The ecosystem is maturing. Capital is flowing. Exits are happening. And international investors who previously focused on Nigeria, Kenya, and South Africa are starting to look north.
The question is whether Morocco can sustain the momentum. Regulatory clarity remains fragmented. Local investor networks are still small. And the startup talent pool, while growing, doesn’t yet have the depth of Lagos or Nairobi.
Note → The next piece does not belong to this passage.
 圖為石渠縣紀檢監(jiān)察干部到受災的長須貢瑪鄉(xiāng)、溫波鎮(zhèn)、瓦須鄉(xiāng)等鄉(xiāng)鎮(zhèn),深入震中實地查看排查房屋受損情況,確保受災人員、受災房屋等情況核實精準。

But WafR’s raise — oversubscribed, co-led by a pan-African VC and two of Morocco’s most powerful institutional investors — suggests that the pieces are coming together. If WafR can hit its target of 100,000 retailers, launch remittances and micro-insurance, and maintain 29% month-on-month growth, it will become the largest fintech infrastructure platform in North Africa.
And if it can replicate the model in Senegal, Côte d’Ivoire, and Tunisia, it will prove that agent banking — mediated through trusted local retailers — isn’t just a Kenyan story or a Nigerian story. It’s an Africa story. And Morocco just became the next chapter.
WafR was founded in 2021 and is headquartered in Casablanca, Morocco. The company currently operates nearly 20,000 active merchant locations. LoftyInc Capital is headquartered in Lagos, Nigeria.